Sekretariat ICMI Maluku Diresmikan, Muktamar VIII 2026 Resmi Dilaunching di Ambon
AMBON, 8 Agustus 2026 — Majelis Pengurus Wilayah (MPW) Ikatan Cendekiawan Muslim Indonesia (ICMI) Provinsi Maluku resmi meresmikan Sekretariat MPW ICMI Maluku sekaligus melaunching pelaksanaan Muktamar VIII ICMI Tahun 2026, Sabtu (8/8/2026).
Kegiatan yang berlangsung di Sekretariat MPW ICMI Maluku, Jalan Soabali, Kelurahan Silale, Kecamatan Nusaniwe, Kota Ambon, mengusung tema “Transformasi Cendekiawan Muslim untuk Indonesia Berdaya Saing, Bermartabat, dan Berkelanjutan.”
Peresmian sekretariat tersebut menjadi salah satu langkah awal MPW ICMI Maluku dalam mempersiapkan pelaksanaan Muktamar VIII ICMI yang dijadwalkan berlangsung pada 4–7 Desember 2026 di Ambon.

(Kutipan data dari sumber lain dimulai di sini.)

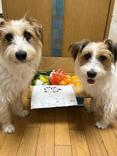 可愛いポーズでみかんとレモンを受け取ってくれてありがとう🐶❣️🍊🍋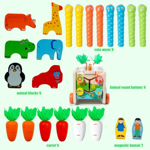 Giocattoli sensoriali multifunzionali in legno per bambini - Il carrello multifunzionale del frutteto include oggetti dal design intelligente, tra cui 2 bambini, 6 carote, 8 vermi e 10 animali disposti su una macchinina. Si può giocare a tirare le carote e a catturare gli insetti, oppure si può giocare a impilare gli animali e a fare puzzle per portare a casa gli animaletti o a giocare con il carrello.

Ketua MPW ICMI Provinsi Maluku, Dr. Ruslan H. S. Tawari, S.Pd., M.Si., mengatakan sekretariat yang baru diresmikan tidak boleh hanya dipandang sebagai tempat rapat dan aktivitas organisasi.
Menurutnya, sekretariat tersebut harus menjadi rumah gagasan bagi para cendekiawan muslim untuk melahirkan pemikiran dan solusi yang memberikan kontribusi nyata bagi pembangunan Maluku dan Indonesia.
“Semoga tempat ini bukan sekadar ruang rapat atau diskusi, melainkan rumah gagasan yang melahirkan kontribusi nyata bagi Maluku dan Indonesia,” ujar Ruslan.
Ia menyampaikan apresiasi kepada seluruh pihak yang telah memberikan dukungan terhadap keberadaan sekretariat sekaligus persiapan Muktamar VIII ICMI.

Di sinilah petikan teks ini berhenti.